Siegfried Schindler earned his Ph.D. at the Technical University in Darmstadt, where he was introduced to inorganic reaction mechanisms in the research group led by Professor Horst Elias. He then pursued a postdoctoral position alongside Dr. Carol Creutz at Brookhaven National Laboratory (New York, USA) before returning to Germany. There, he obtained his Habilitation under the guidance of Professor Rudi van Eldik at the University of Erlangen-Nürnberg.
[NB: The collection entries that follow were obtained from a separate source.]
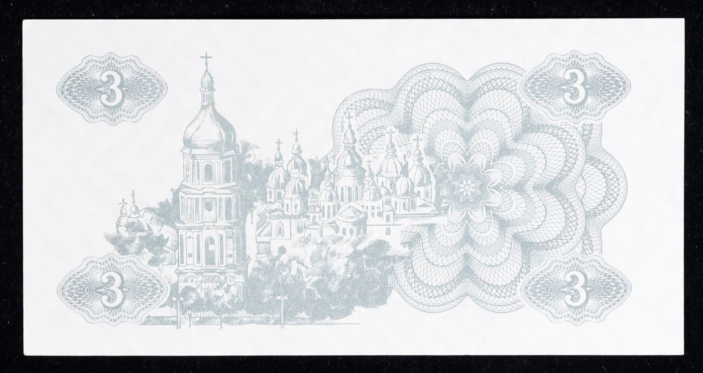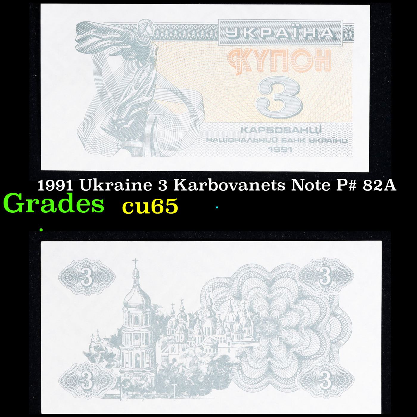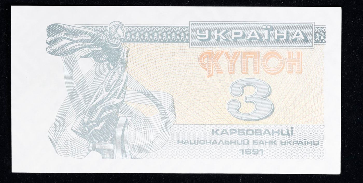 1991 Ukraine 3 Karbovanets Note P# 82A Grades Gem CU.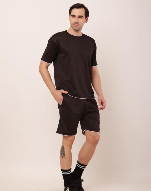 Design: Trendy oversized T-shirt and relaxed-fit shorts, both with modern branding tag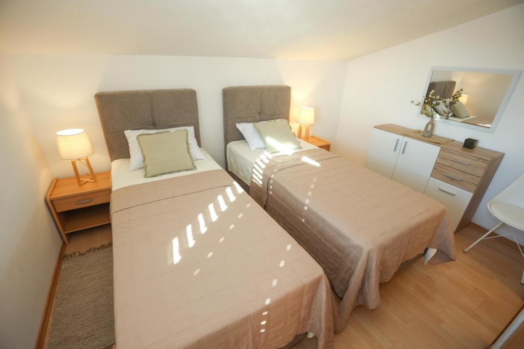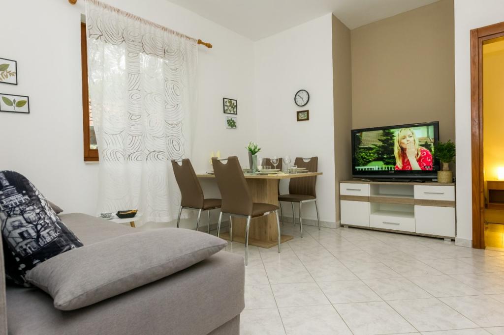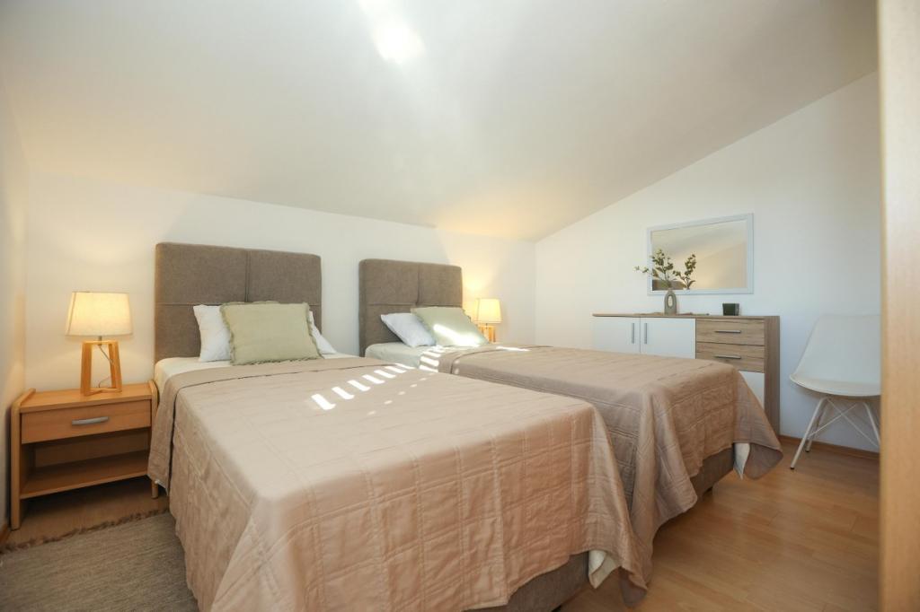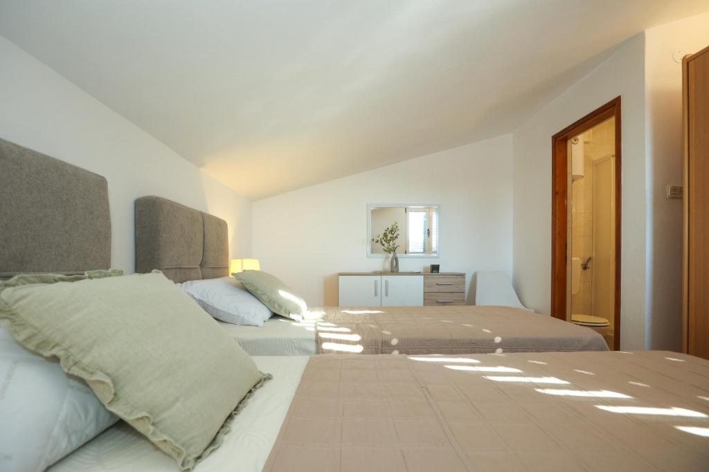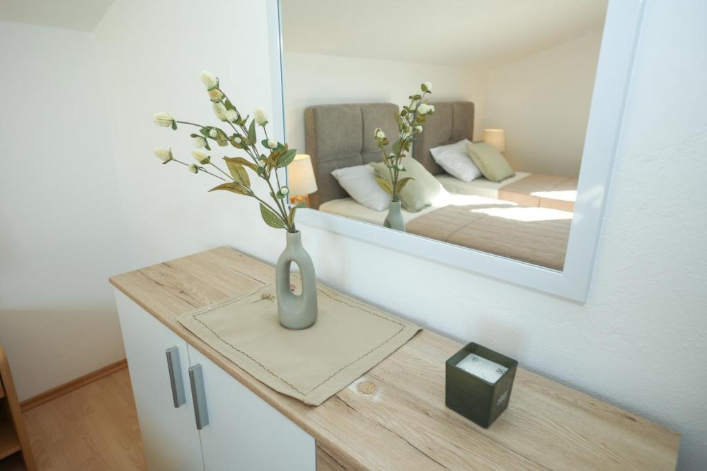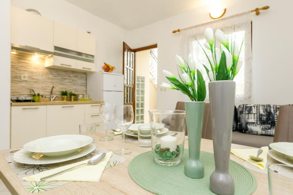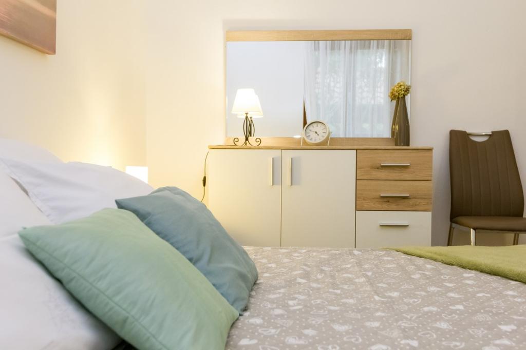Unsere Unterkunft bietet eine angenehme, wohnliche Atmosphäre, in der sich Gäste wohlfühlen und herzlich willkommen sind. Sie befindet sich in bester Lage, nur 400 Meter vom Stadtzentrum entfernt, und alle Annehmlichkeiten des täglichen Bedarfs sind bequem zu erreichen – der nächste Laden ist nur 30 Meter entfernt. Das Haus besteht aus drei Wohneinheiten, jede mit eigenem Balkon, auf dem Sie Ihren Morgenkaffee oder entspannte Abende genießen können. Das größte Apartment verfügt zusätzlich über drei geräumige Terrassen, die noch mehr Platz zum Verweilen im Freien und für gemeinsame Momente bieten. Gästen steht außerdem ein gemeinsamer Außenbereich mit einem gläsernen Pavillon mit Küche, einem Kamin und einem großen Tisch zur Verfügung, der sich ideal für gesellige Runden und Mahlzeiten im Freien eignet. Dieser warme und gemütliche Bereich liegt inmitten von Grün und bietet eine ruhige Umgebung zum Entspannen, für Gespräche und um schöne Erinnerungen zu schaffen. Die Unterkunft eignet sich für verschiedene Gästetypen und ist besonders angenehm für Familien mit Kindern, die hier unbeschwert in einer sicheren und geräumigen Umgebung spielen können. Jedes Apartment verfügt zudem über einen eigenen Parkplatz im Freien, um Ihren Aufenthalt so einfach und unkompliziert wie möglich zu gestalten. Als Gastgeber stehen wir Ihnen jederzeit mit Rat und Tat zur Seite und helfen Ihnen gerne bei der Organisation Ihres Aufenthalts – wir möchten, dass Sie sich wie zu Hause fühlen und nur schöne Erinnerungen aus Pakoštane mitnehmen.

Since 2002, Dr. Schindler has been a professor of inorganic chemistry at the Justus-Liebig University in Gießen. His research group focuses on investigating copper and iron complexes as model compounds for metalloenzymes involved in selective oxygenation reactions, such as methane monooxygenase or tyrosinase. A particular area of interest is the detection and characterization of reactive intermediates, including superoxido complexes, formed during the reaction of copper(I) or iron(II) complexes with dioxygen. Detecting these reactive species often requires low temperatures (as low as -140 °C), and kinetic measurements for establishing reaction mechanisms are conducted using low-temperature stopped-flow techniques.
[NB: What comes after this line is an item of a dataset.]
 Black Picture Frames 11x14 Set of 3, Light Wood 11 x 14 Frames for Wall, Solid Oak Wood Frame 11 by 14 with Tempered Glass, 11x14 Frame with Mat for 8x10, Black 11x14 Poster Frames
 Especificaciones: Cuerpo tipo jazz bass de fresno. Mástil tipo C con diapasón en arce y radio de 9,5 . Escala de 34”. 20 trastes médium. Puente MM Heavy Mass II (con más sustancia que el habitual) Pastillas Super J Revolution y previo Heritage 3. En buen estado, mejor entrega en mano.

In addition to their fundamental research, the Schindler group aims to apply their findings to enhance existing industrial processes. For instance, they are investigating the oxygenation of toluene to benzaldehyde, seeking to improve current industrial procedures through the application of their research results.

Kylie Vincent is Professor of Inorganic Chemistry at the University of Oxford. She has over 20 years research in bio-inorganic chemistry with a particular focus on enzymes responsible for hydrogen-cycling in biology. Her group have developed new approaches for combining spectroscopic and structural methods with electrochemical control in mechanistic study of metalloenzymes, in particular for understanding proton-coupled electron transfer (PCET) steps in bio-inorganic mechanisms. Prof Vincent has also established biotechnology solutions for cleaner chemical manufacturing via biocatalytic hydrogenation reactions, leading her to co-found the University spin-out company, HydRegen, in 2021. She is a passionate supporter of diversity in science and enterprise, serving as the University of Oxford’s Academic Champion for Women in Entrepreneurship and as Associate Head (People) for the Department of Chemistry. She is an Associate Director for Oxford’s Inorganic Chemistry for Future Manufacturing Centre for Doctoral Training.